Evet, “su”, üçte ikisini oluşturduğu gezegenimizde kısa bir sürede bir “nedret” haline geldi. Su tüketiminin XXI. yüzyılda en az altı kat arttığı kaydediliyor. 1950 yılında kişi başına yılda 17 bin metreküp kaynak söz konusuydu. 2005’te 8 milyar insan yılda 5 bin metreküp suyla yetinmek zorunda kaldı. 1.2 ila 1.4 milyar insan içme suyundan yoksundur. Sağlanan suyun yüzde 70’i tarıma gitmektedir. Evlerde tüketilen su ise sadece yüzde 8’dir. Sudan yoksunluk ve atık suların tahliyesi işlemlerinin yetersizliği, yarısı çocuklar olmak üzere günde 25 bin insanın hayatına mal olmaktadır. Doğal felaketlerin yüzde 90’ı suyla bağlantılıdır ve toprağın hoyratça kullanımının sonucudur; ormanların yok edilmesi, büyük sulama projeleri, büyük otlaklar gibi...
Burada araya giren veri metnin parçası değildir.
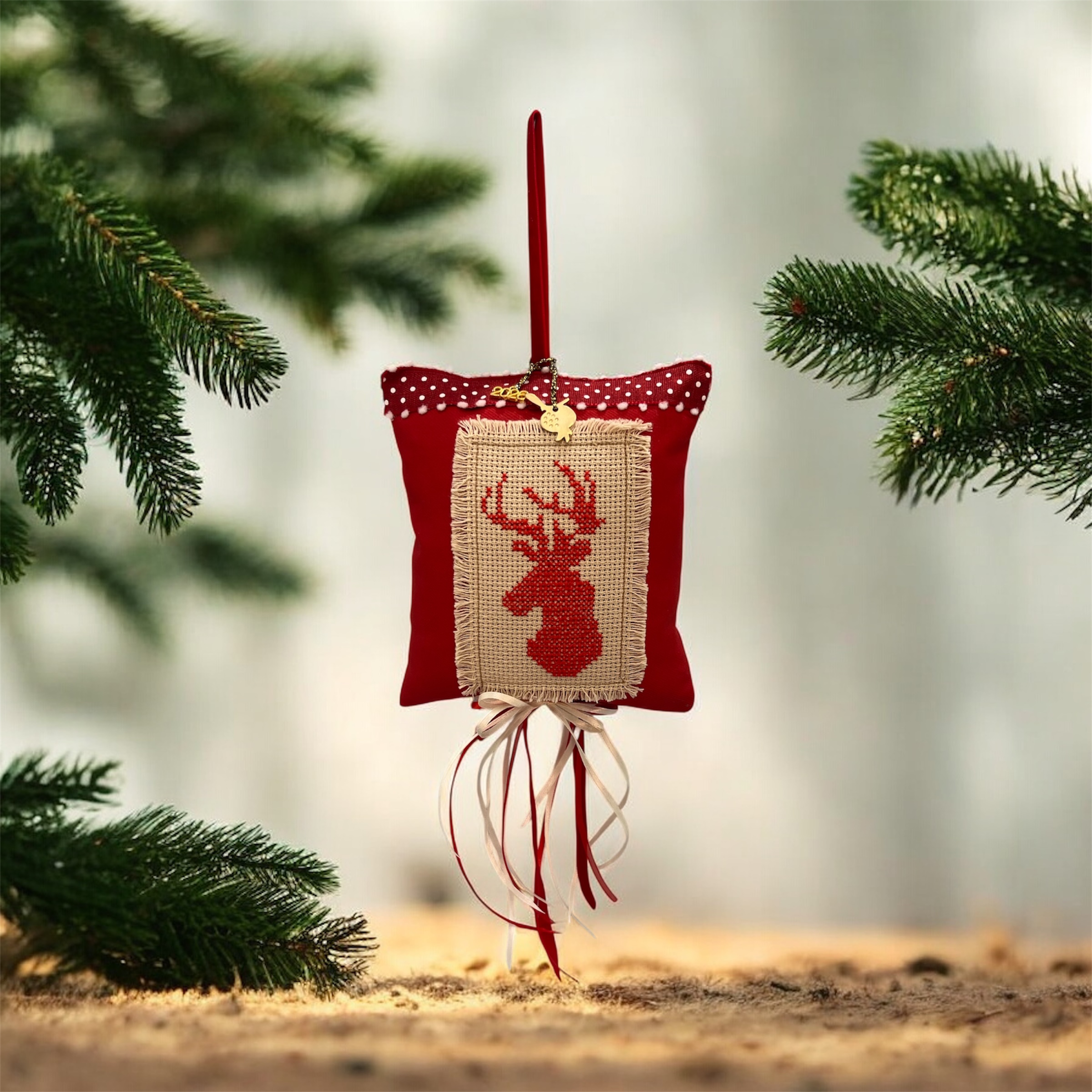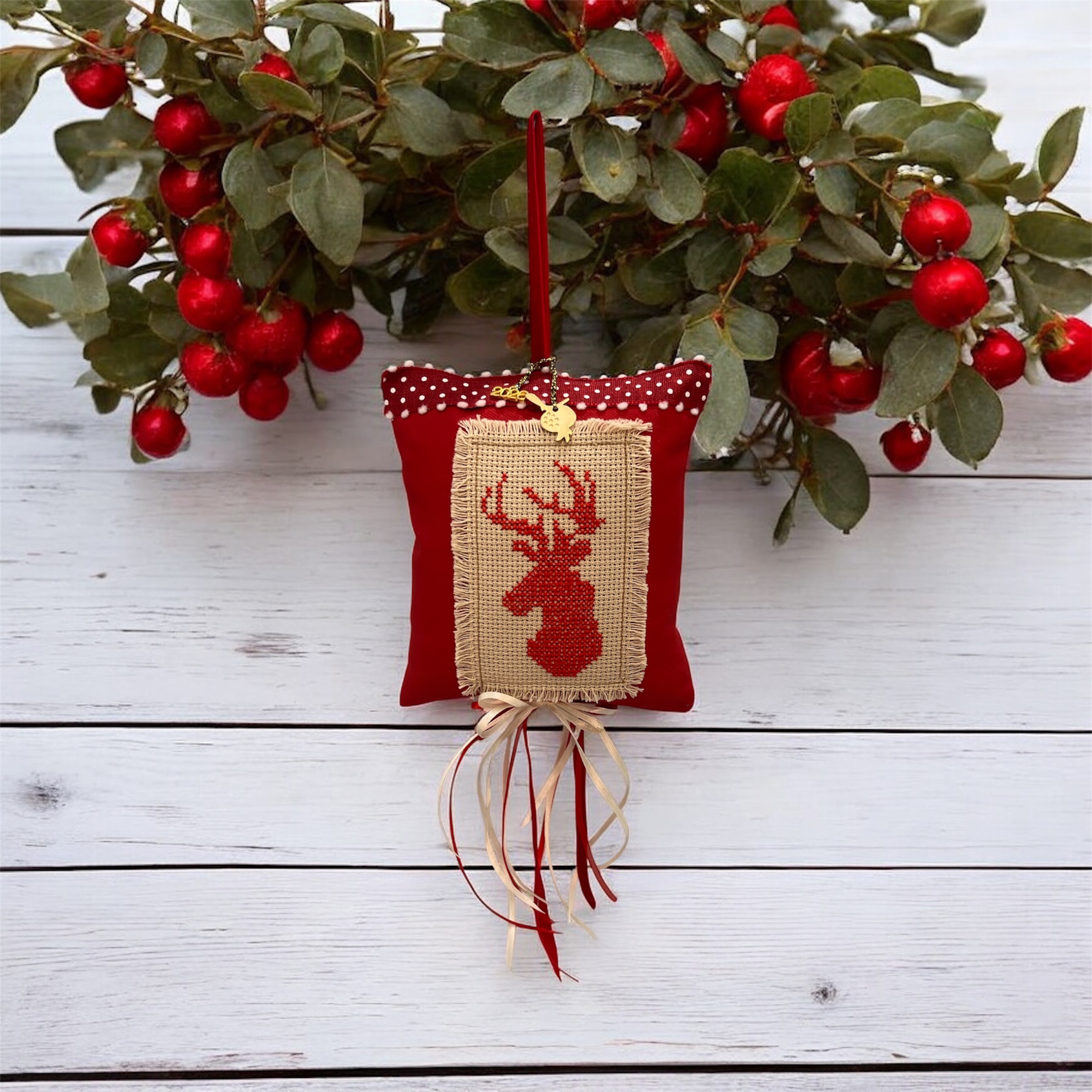 Χειροποίητο γούρι κεντημένο στο χέρι με σχέδιο ελαφιού πάνω σε κόκκινο υφασμάτινο μαξιλαράκι, πουά λεπτομέρειες και γιορτινές κορδέλες. Ιδανικό για χριστουγεννιάτικο στολισμό ή ως δώρο για τη νέα χρονιά.

Son zamanlarda sürekli olarak suyun tükendiğine dair haberlerle karşılaşıyoruz. Çorak topraklar ya da akmayan musluk görüntülerini boca ediyorlar önümüze. Bu imgelere, günümüzde dünyada yüz yıl öncesine göre altı kat daha fazla su tükettiğimize dair rakam ve istatistikler eşlik ediyor. Yanı sıra nicelik ve nitelik sorunlarından söz ediyor, ve her ikisinin de kaynak kıtlığına açıldığını gösteriyorlar. Yeterli suya sahip bölgelerde kentlerin büyümesi ve bunun sonucu olarak sıvı kullanımındaki artışın doğayı nasıl etkilediğine de işaret ediyorlar; yöneticiler açısından bu yüzyılın en önemli sorununu, su kriziolarak da bilinen su kıtlığı ve kirlenmesi oluşturmakta.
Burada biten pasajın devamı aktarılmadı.